5. The method as described in claim 1, characterized in that, The adaptive switching of multiple payment channels based on dynamically adjusted thresholds includes: Set different sets of control parameters for small-amount, high-frequency payment scenarios and large-amount, low-frequency payment scenarios; Select the corresponding set of control parameters based on the current payment scenario, determine the switching timing based on the dynamically adjusted threshold, and execute the channel switching.

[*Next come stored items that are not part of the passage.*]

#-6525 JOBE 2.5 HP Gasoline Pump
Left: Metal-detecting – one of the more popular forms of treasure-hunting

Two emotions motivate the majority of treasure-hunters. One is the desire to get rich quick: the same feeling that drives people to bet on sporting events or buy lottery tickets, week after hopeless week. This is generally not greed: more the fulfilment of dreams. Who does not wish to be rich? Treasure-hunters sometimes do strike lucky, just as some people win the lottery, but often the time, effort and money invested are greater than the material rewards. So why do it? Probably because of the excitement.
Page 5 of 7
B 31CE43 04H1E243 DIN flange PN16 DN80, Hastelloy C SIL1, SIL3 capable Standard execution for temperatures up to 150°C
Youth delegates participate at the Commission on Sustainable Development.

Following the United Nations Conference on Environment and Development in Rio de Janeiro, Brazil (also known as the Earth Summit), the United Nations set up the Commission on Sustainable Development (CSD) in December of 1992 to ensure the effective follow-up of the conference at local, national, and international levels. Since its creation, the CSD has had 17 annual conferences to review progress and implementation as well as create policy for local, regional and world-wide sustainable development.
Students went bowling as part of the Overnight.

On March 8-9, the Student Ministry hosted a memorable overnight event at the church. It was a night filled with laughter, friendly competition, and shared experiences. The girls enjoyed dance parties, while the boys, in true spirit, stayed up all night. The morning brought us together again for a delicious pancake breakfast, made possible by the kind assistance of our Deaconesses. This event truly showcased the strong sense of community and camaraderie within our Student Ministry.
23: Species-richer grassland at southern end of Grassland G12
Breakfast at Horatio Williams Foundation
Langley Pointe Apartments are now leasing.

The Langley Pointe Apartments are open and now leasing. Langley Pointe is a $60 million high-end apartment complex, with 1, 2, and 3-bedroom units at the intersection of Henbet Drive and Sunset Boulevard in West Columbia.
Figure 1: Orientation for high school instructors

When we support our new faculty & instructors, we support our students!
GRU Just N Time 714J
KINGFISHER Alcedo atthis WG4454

6. The method as described in claim 3, characterized in that, The step of superimposing the expected value of the threshold deviation onto the original switching threshold to form a dynamically corrected threshold includes: If the expected value of the threshold deviation is positive, the original threshold is switched in advance to form a dynamically corrected threshold. If the expected value of the threshold deviation is negative, the original switching threshold is delayed to form a dynamically corrected threshold. At the critical point of channel switching, multiple payment channels are switched based on a dynamically adjusted threshold.

7. The method as described in claim 4, characterized in that, The establishment of the parameter sensitivity matrix includes: Calculate the optimal combination of control parameters based on historical switching data under different environmental conditions; When changes in environmental parameters are detected in real time, the switching trigger threshold, waiting time window, and number of retries are updated based on the parameter sensitivity matrix.

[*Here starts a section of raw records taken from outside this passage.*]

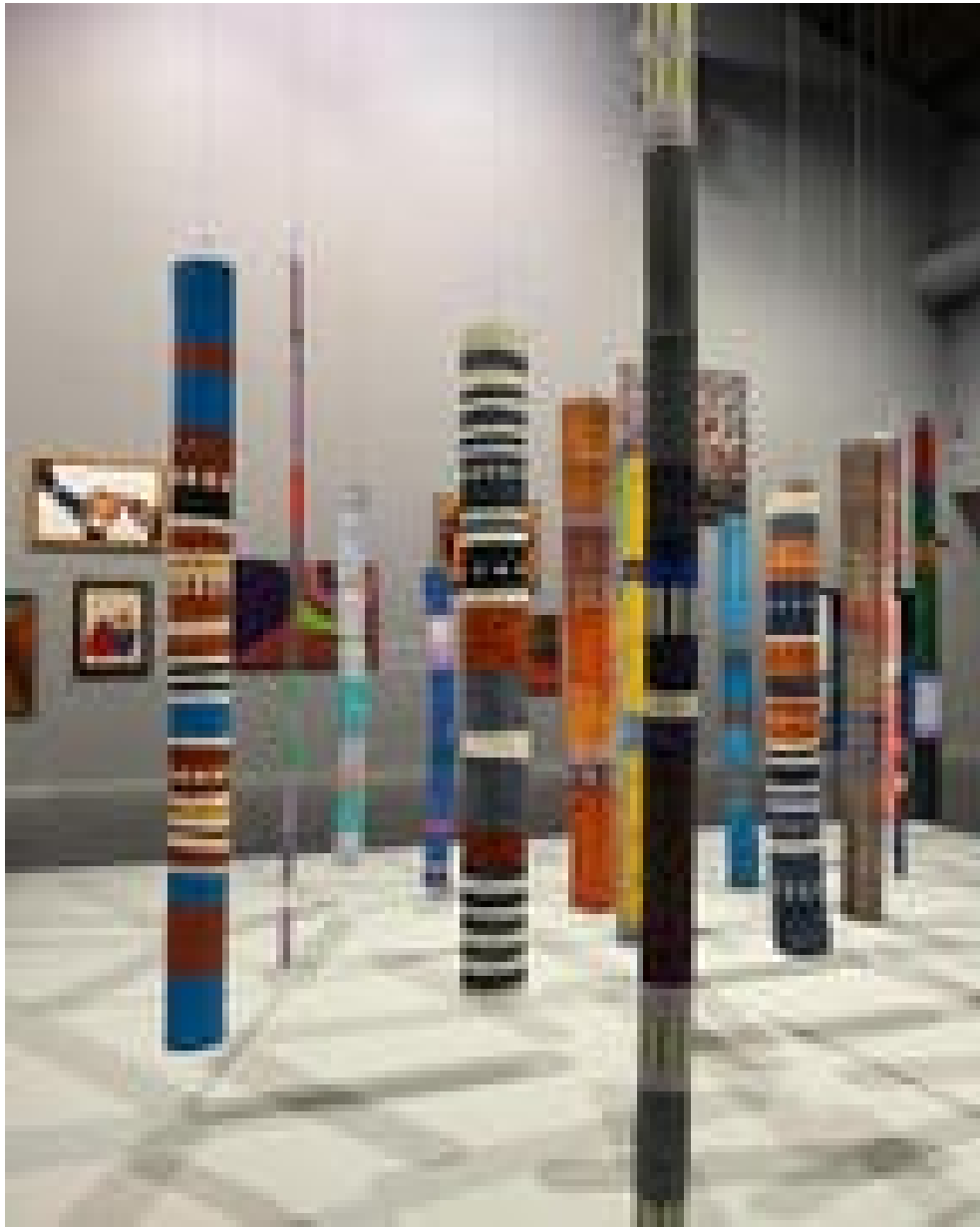
Main hall of La Biennale's Central Pavilion.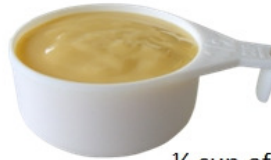
½ cup of custard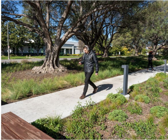
Tree canopy over walking path; Source: Shira Bezalel, San Francisco Estuary Institute (SFEI)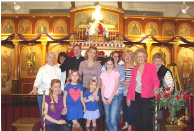
Decorators of the Epitaphios—Friday Morning

8. The method as described in claim 5, characterized in that, The step of selecting the corresponding set of control parameters based on the current payment scenario includes: Detect the current payment amount and payment frequency characteristics to determine whether it belongs to a small-amount, high-frequency payment scenario or a large-amount, low-frequency payment scenario; Select the set of control parameters corresponding to the identified payment scenario and combine it with the dynamically adjusted threshold to perform adaptive switching.

9. A multi-payment channel adaptive switching device based on environmental perception, characterized in that, include: The monitoring and mapping module is used to monitor environmental parameters in real time through the environmental sensing module and map the monitored environmental parameters into adjustment factors for switching control parameters. The threshold correction module is used to establish a threshold deviation quantification model based on environmental parameters, calculate the expected value of threshold deviation in real time, and add the expected value of threshold deviation to the original switching threshold before the switching decision to form a dynamic correction threshold. The adaptive switching module is used to perform adaptive switching of multiple payment channels based on dynamically adjusted thresholds.

10. The apparatus according to claim 9, characterized in that, The monitoring mapping module includes a monitoring unit and an adjustment unit; The monitoring unit is used to monitor network latency, bandwidth fluctuations, and device performance indicators to obtain environmental parameters; The adjustment unit is used to determine the adjustment factor based on environmental parameters. The adjustment factor is used to adjust the switching trigger threshold, the waiting time window, and the number of retries.